Soaring o’er the rabbl’ing ground.
PART II (10-minute read)
Turning Point by Hugh W. Roberts
Putting his right hand into the trouser pocket of his postal carrier uniform, Mike felt the outline of the handle of the revolver. He knew his jealousy was forcing an extreme situation to develop.
Two floors above, Sophie wished she could wish herself back to the postal depot where she and Mike worked, so she could escape the extreme situation Doug was putting her in.
Just before deciding now was the right time to smother Sophie’s face with the pillow; he was holding, Doug’s vision became a little blurry. Why had Sophie put them both in this extreme situation?
Lucy’s Letter by Padmini Krishnan
Lucy woke up, optimistic, knowing that something was about to change. She ran down the street when she heard the postman’s bike a couple of streets away. A letter from her wayward son! The postman looked at the 90-year old Lucy jumping up and down and realized that his efforts had been worth it. He had braved the storm, the governmental warnings, and a pickpocket to reach his destination. He smiled at Lucy. At this, Lucy became self-conscious and looked angrily at the postman. The grinning dumbo! After all, how would this man know how important her letter was!
Dead-Letter Drop by Bill Engleson
He was a spy fan, old Clarence was. Mailman by day, James Bond in his head by night.
Life held few mysteries for Clarence. No adventures. Just methodically serving his regular route in our hamlet, getting to know the people, forming friendships, sharing part of their lives.
When a customer died, word would spread, correspondence would stop, time would move on.
For a few, the lonelier ones, the occasional letter still showed up.
Before he’d return to sender, he’d steam open the envelope, visit the grave, read the epistle in the sinking twilight, reseal, send it on its way.
That Knock by Geoff Le Pard
Jem hated his left foot. Clubbed, they called it. ‘It’s okay, son,’ they said. ‘You’re useful. Post has got to be delivered.’
He’d got at white feather, too, from the woman he’d given the telegram to. ‘We’re sorry to inform you…’

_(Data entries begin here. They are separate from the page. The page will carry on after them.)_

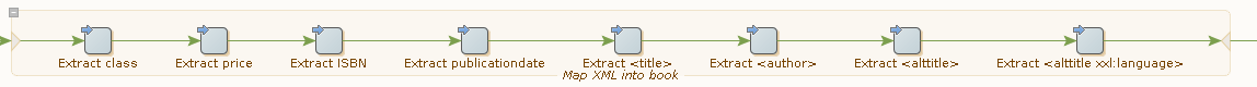 システムは、暗黙の抽出を実行して、ロボットにステップを挿入するのに必要な実際のステップを自動生成します。この手順は常に、マッパーで作成された各関連付けに対して、正確に 1 つの抽出またはタグ属性抽出ステップを生成します。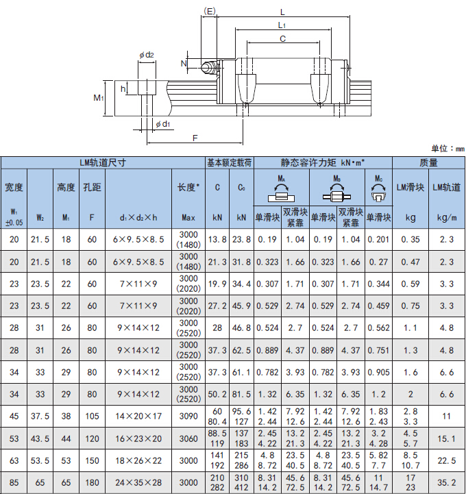 靜態(tài)容許力矩* 單滑塊∶使用1個LM滑塊的靜態(tài)容許力矩值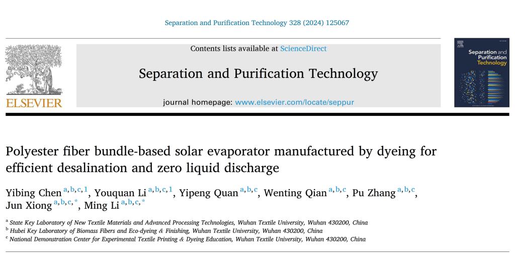 近日,英国365上市公司本科生陈燚柄、李有权等以“Polyester fiber bundle-based solar evaporator manufactured by dyeing for efficient desalination and zero liquid discharge”为题在分离纯化领域重要学术期刊《Separation and Purification Technology》发表最新成果。该论文共同第一作者陈燚柄、李有权为资源循环科学与工程专业本科生,团队包含5名本科生,指导老师为李明教授和熊俊博士,英国365上市公司为唯一单位。《Separation and Purification Technology》(ISSN:1383-5866)译名《分离提纯技术》,是中科院工程技术1区Top期刊,2023年影响因子8.60。论文链接:https://doi.org/10.1016/j.seppur.2023.125067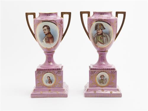A PAIR OF ROYAL VIENNA HANDLED URNS ON STANDS H.43.5CM, LEONARD JOEL LOCAL DELIVERY: SMALL
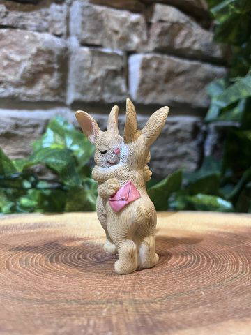 Super cute little resin bunnies sharing a cuddle with one holding a red envelope of love!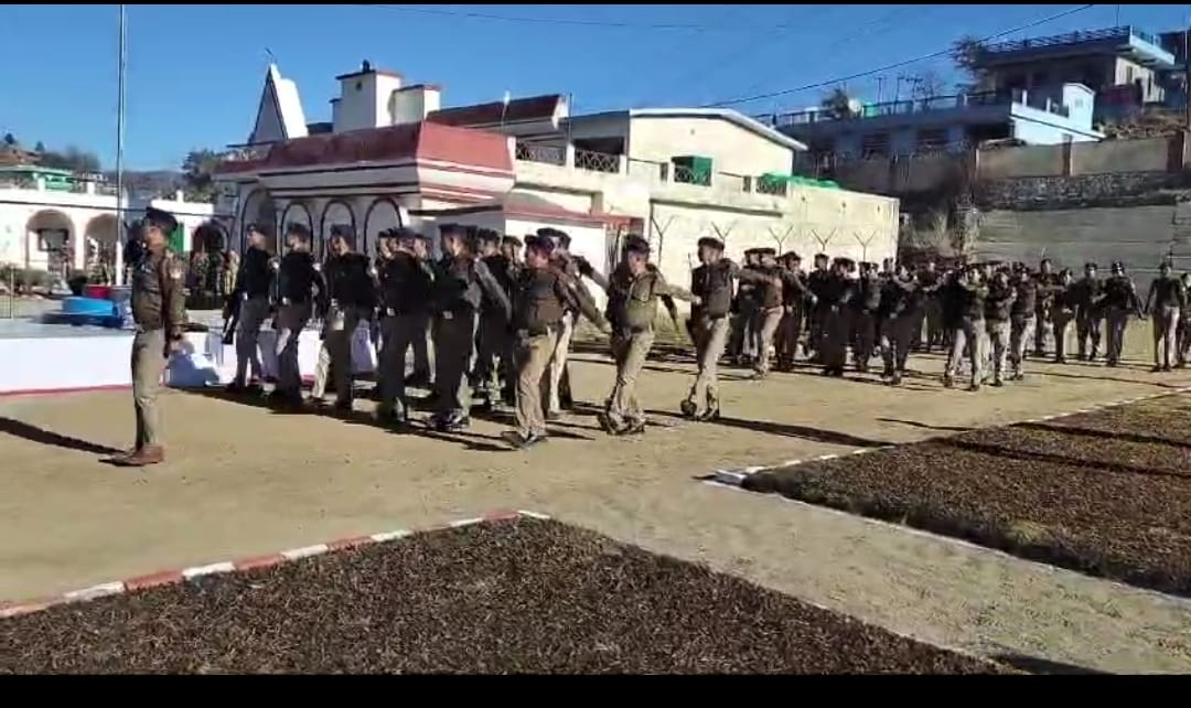 पुलिस जवानों को शारीरिक रूप से फिट रखने तथा अनुशासन बनाये रखने हेतु कराई गई पुलिस लाइन चंपावत में परेड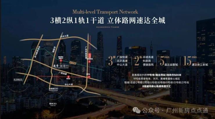 北环高速+广园快速+中山大道/环城高速+科韵路3横2纵主干道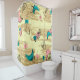 Mid-Century Modern Shower Curtain dandelion clocks in blue with brown stems and brown seeds on a white background.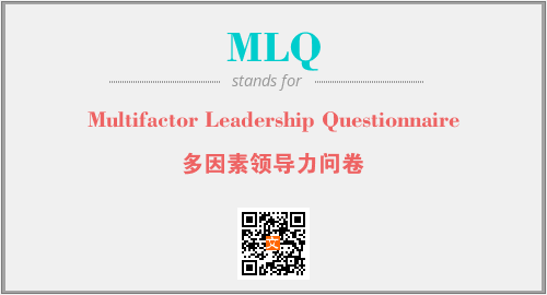 上述内容是“Multifactor Leadership Questionnaire”作为“MLQ”的缩写,解释为“多因素领导力问卷”时的信息,以及英文缩略词MLQ所代表的英文单词,其对应的中文拼音、详细解释以及在英文中的流行度和相关分类、应用领域及应用示例等。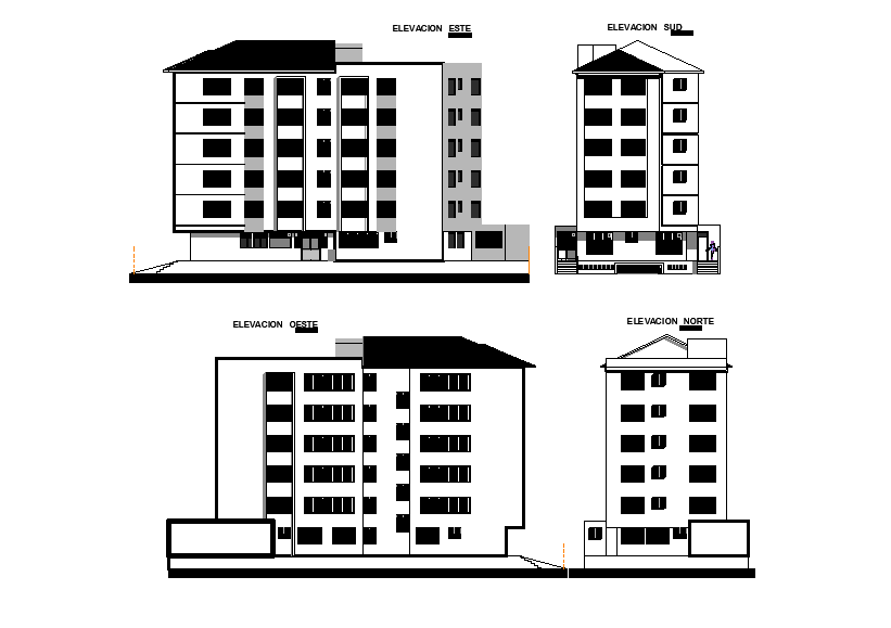 An elevation of 36x15m apartment building is given in this Autocad drawing file. Download now.

Couldn’t blame her being bitter. Might have been him if they’d let him go.
And now there were two telegrams for Mrs Cutts. The ‘sorry’ one and one saying Petey’d got the Military Medal. Petey Cutts used to tease him about his foot. She took both, hands shaking like she’d the palsy. Petey didn’t seem so cruel now.
Changing Vocations by Susan Sleggs
In the PTSD group, a young war vet hung his head. “I quit nursing school because I had a panic attack every time I got near patients.”

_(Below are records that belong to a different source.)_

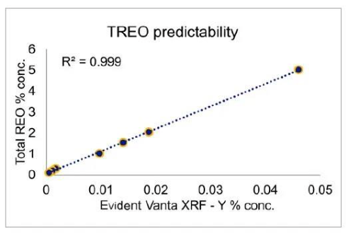 총 17개 REE의 완전한 분석은 불가능하거나(pXRF의 경우), 엄청나게 느리고 비용이 많이 들기(ICP의 경우) 때문에, 현장에서 실시간으로 전체 희토류 농도를 측정하는 방법을 찾는 것이 유용합니다. 비소, 구리, 납 및 아연과 같은 일부 원소를 금 검출 탐지기로 사용할 수 있는 방법과 유사하게, 대상 REE 광물에 자체 성분으로 검출 가능한 수준의 이트륨(Y)이 있다면 희토류 산화물(REO)로 유사한 목표를 달성하기 위해 이트륨을 사용할 수 있습니다.
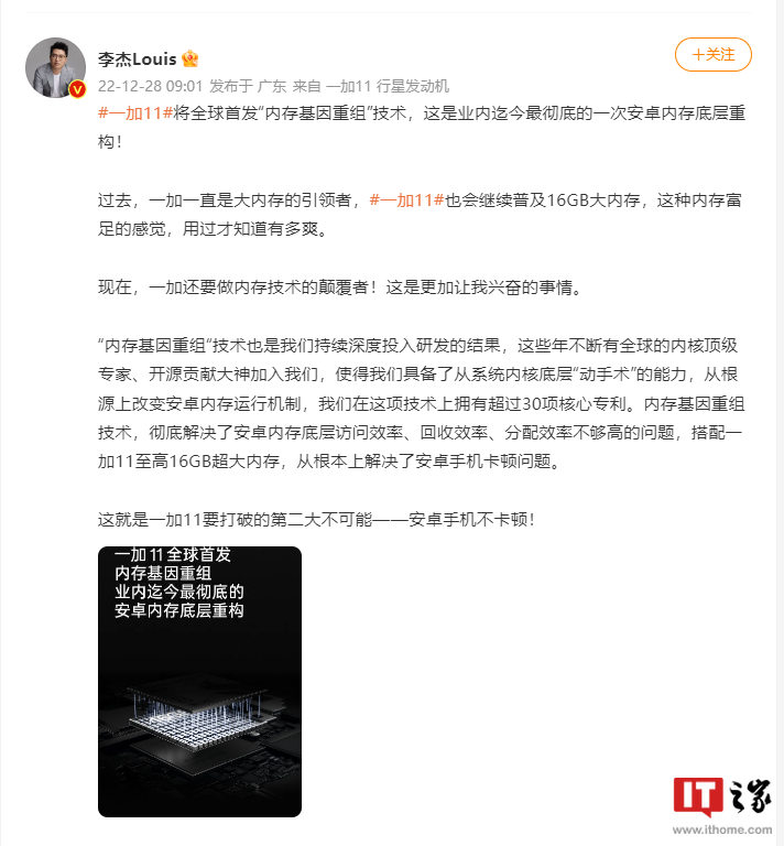 OnePlus 11 will be officially released on January 4th. Following yesterday’s announcement of the global launch of “gaming cloud computing private network” technology for the new phone, today the official announcement of a global launch technology for the new phone – “memory gene reorganization” technology.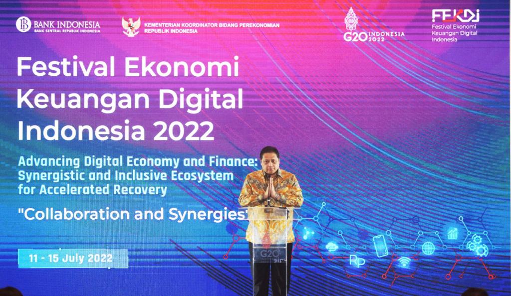 Menteri Koordinator Bidang Perekonomian Airlangga Hartarto yang hadir mewakili Presiden Joko Widodo dalam kesempatan tersebut, menyampaikan bahwa pandemi Covid-19 juga telah menciptakan prospek cerah pada potensi ekonomi dan keuangan digital Indonesia. Pada tahun 2021, nilai perdagangan digital mencapai Rp401 Triliun seiring dengan meningkatnya akseptasi dan preferensi berbelanja daring serta didukung perluasan sistem pembayaran digital dan akselerasi digital banking. Pada tahun 2025 potensi ekonomi digital Indonesia diperkirakan mencapai sekitar Rp2.050 Triliun, kemudian pada tahun 2030 diproyeksikan naik menjadi Rp4.531 Triliun.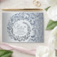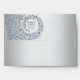 This envelope design radiates sophistication, featuring an ornate silver damask floral frame that gracefully encircles the centre. The swirling leaves, floral curves, and heart-like motifs create a refined ornamental border. The background softly blends into shades of light silver with a metallic sheen, adding depth and elegance. At the centre, the recipient’s name and address are highlighted in matching silver, standing out with clarity and charm. The shimmering silver palette gives this design a timeless and luxurious appeal, making it ideal for weddings, anniversaries, gala dinners, and upscale formal celebrations.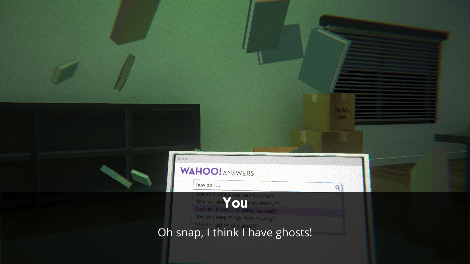 You've just moved into your new apartment but something spooky is going on! Thankfully you've got the internet to help you. Search Wahoo Answers on your laptop to figure out what's going on and maybe you can be happy in your new place.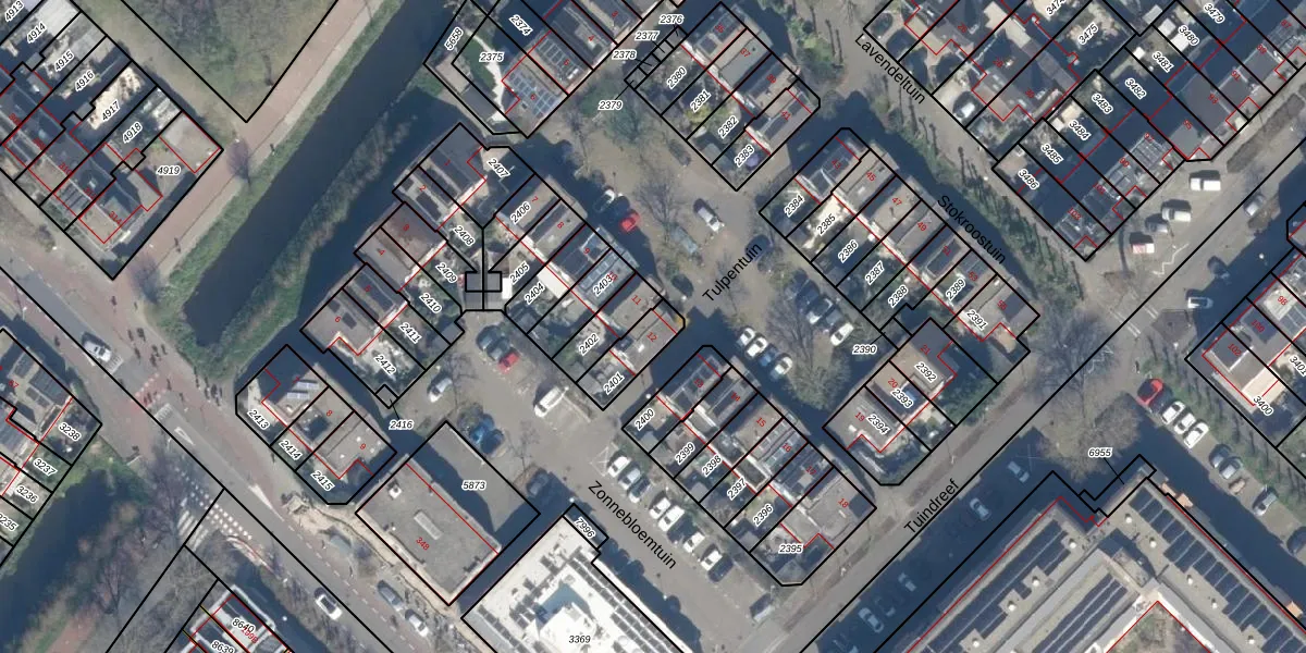 Gebruik de zoekbalk of klik op een perceel voor informatie over de adressen binnen dit perceel.

Michael nodded with understanding, “Nothing to be ashamed of. What drew you to nursing?”
“I wanted to feel useful and help other people plus I’m good with details.”
“Admiral strengths. Well suited to a mailman. Delivering in all sorts of weather would be like serving.”
Six months later. “I dig my mail route and I met a gal that asked where and when I served, not what I did in the Army.”
Turning Points by Saifun Hassam
After college, Arlene returned to Nolan City, to hiking the SeaSquall Mountains. Freelancing in computer graphics, she also worked as a postal worker. Her favorite mail deliveries were to the rural residents along the winding mountain roads.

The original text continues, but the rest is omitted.